Граф не сделает карьеры. У него слишком много родственников, замешанных в той несчастной истории, — о ней никто толком не знает, она произошла лет за тринадцать до рождения Алеся, когда «ныне здравствующий» царь стрелял их пушек по людям. Неизвестно, что хотели сделать те люди. Но старик приятен. И он не мучает его, Алеся. Он ласково, со старомодной галантностью кивает ему головой и сразу проходит к родителям.

Голос матери, в котором, как всегда, звучат беспомощные интонации. Она спрашивает графа что-то о переводе в Вильню… Граф сдержанно смеется.

— Мне хорошо в вашем доме… Рыцарство пришло в упадок. Мы с вами как деревья на вырубке. Их оставили случайно рядом, и они радуются этому. Чего еще требовать от жизни? Надеюсь, ваш молодой князь будет таким же, как вы.

— Я надеюсь, что он будет лучше нас, — строго отвечает отец.

Их не может слышать никто. Не слышал бы их и Алесь, если б не его исключительный слух, о котором они не знают.

…Идёт целая компания: полный седой человек в безукоризненном фраке, старуха в черных кружевах и юноша года на два старше Алеся.

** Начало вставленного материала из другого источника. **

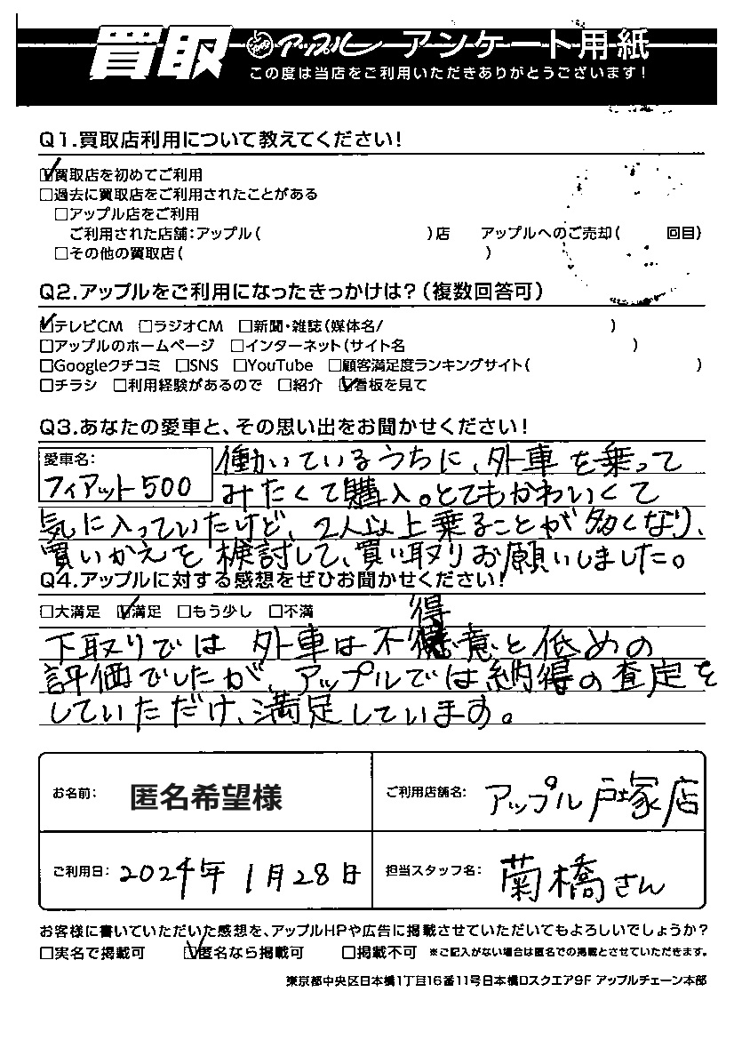 匿名希望様 車名:フィアット 500(チンクエチェント)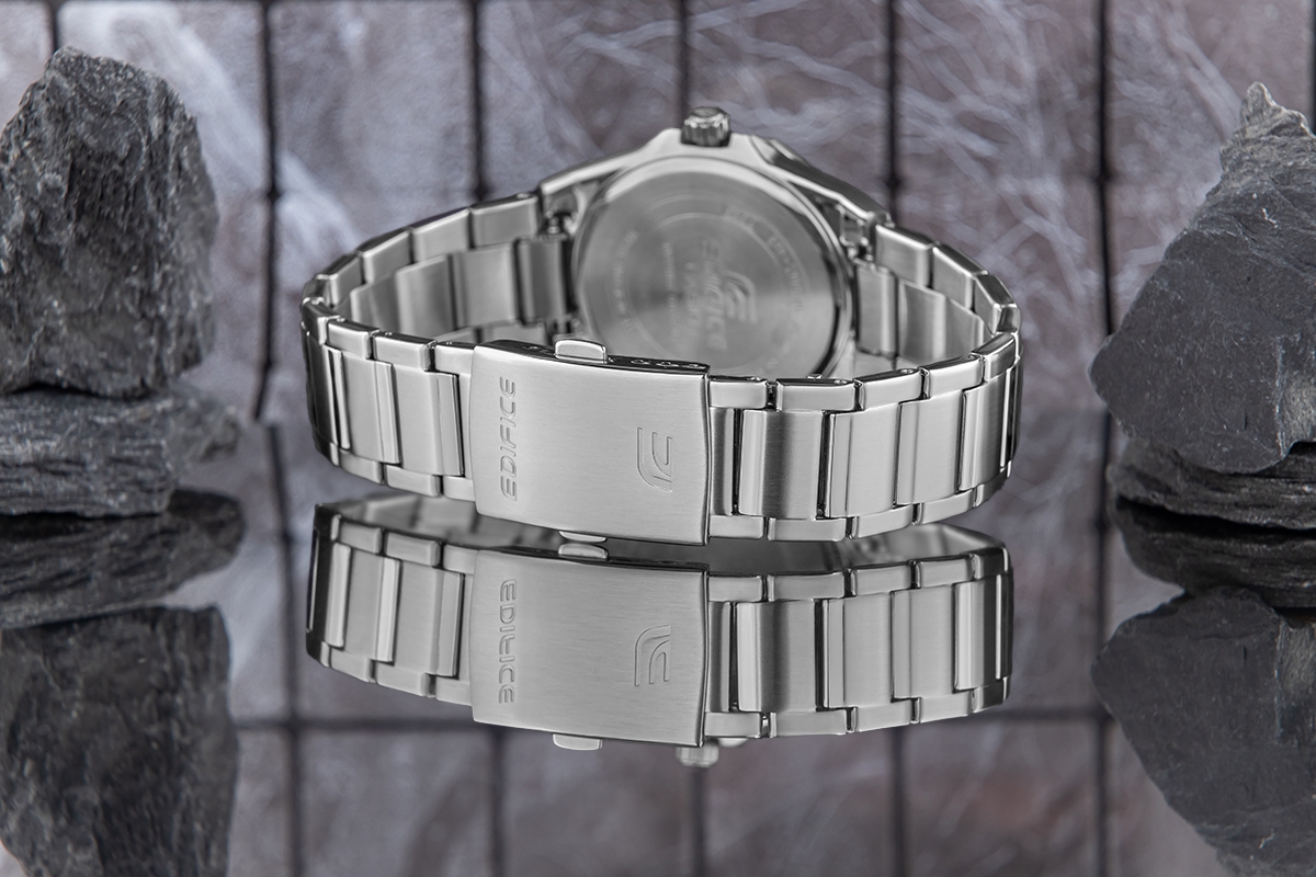 Komfortowa, stalowa bransoleta to znakomite uzupełnienie tego zegarka. Rodzaj bransolety jest gwarancją solidności i wygody podczas codziennego użytkowania. Komfort dopełnia odpowiednia jakość stali, która komfortowo dopasowuje się do męskiego nadgarstka.  Zapięcie sygnowane jest logiem marki Edifice, co podnosi prestiż zegarka i zapewnia wyjątkowość na tle innych marek zegarków.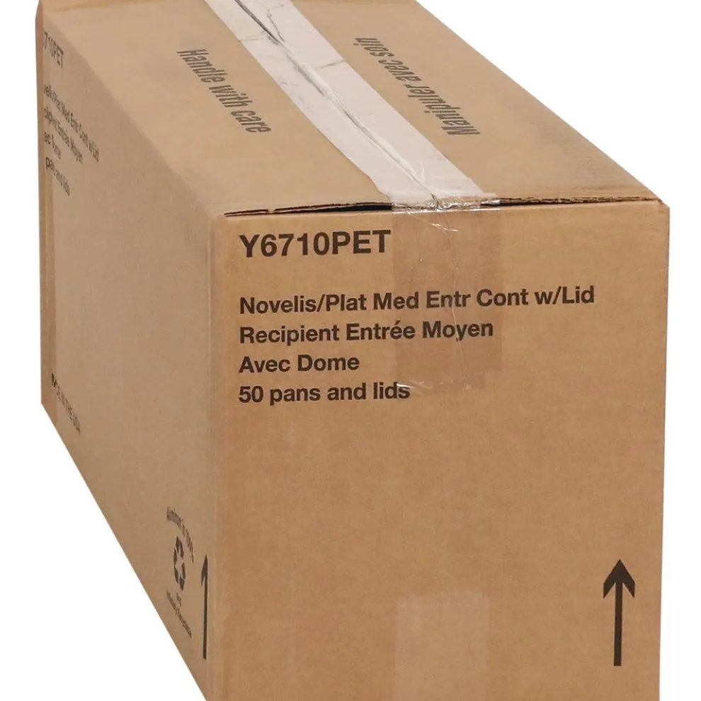 Pactiv Corp. Y6710PET 9.8 in. x 7.8 in. x 1.3 in. 46 oz. Classic Carry-Out Aluminum Container with PET Dome Lid – Silver/Clear (50/Carton)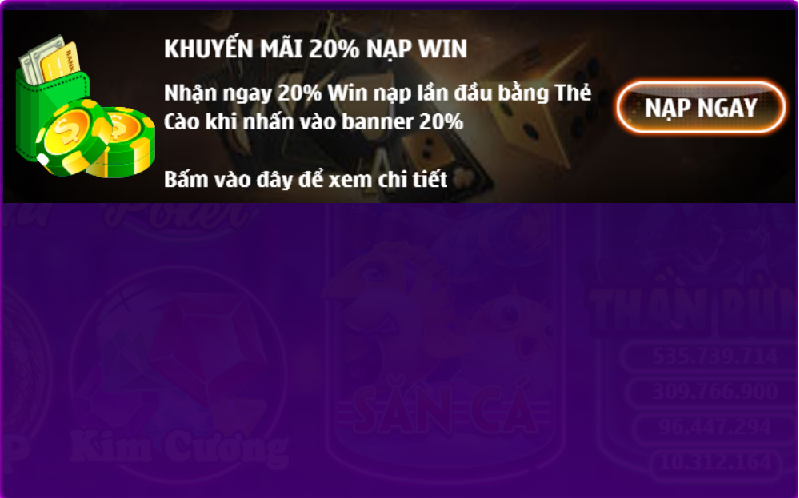 Người chơi nạp Win lần đầu tiên bằng hình thức Thẻ Cào khi nhấn vào Banner sự kiện sẽ nhận thêm được 20% trên tổng mức Win nạp vào cổng game. Nếu không click vào Banner mà vào cửa hàng để nạp trực tiếp thì sẽ không nhận được khuyến mãi.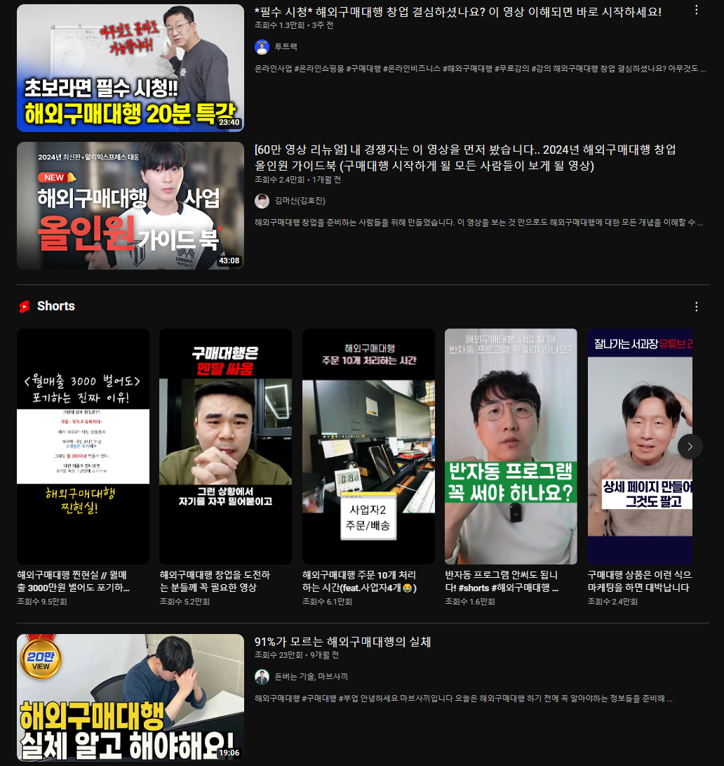 해외구매대행 관련하여 유튜브에 검색해 보면 다양한 분들이 보입니다.

— Граф Никита Ходанский!.. Графиня Альжбета Ходанская… Граф Илья Ходанский.

У старого графа любезное, снисходительное, выработанное годами выражение на полном, синем от бритья лице, — такое ни к чему не обязывающее выражение можно видеть на старых портретах. Румяные губы заученно улыбаются, — даже ямочка амура на одной щеке. Видимо, был в свое время селадон, знал себе цену.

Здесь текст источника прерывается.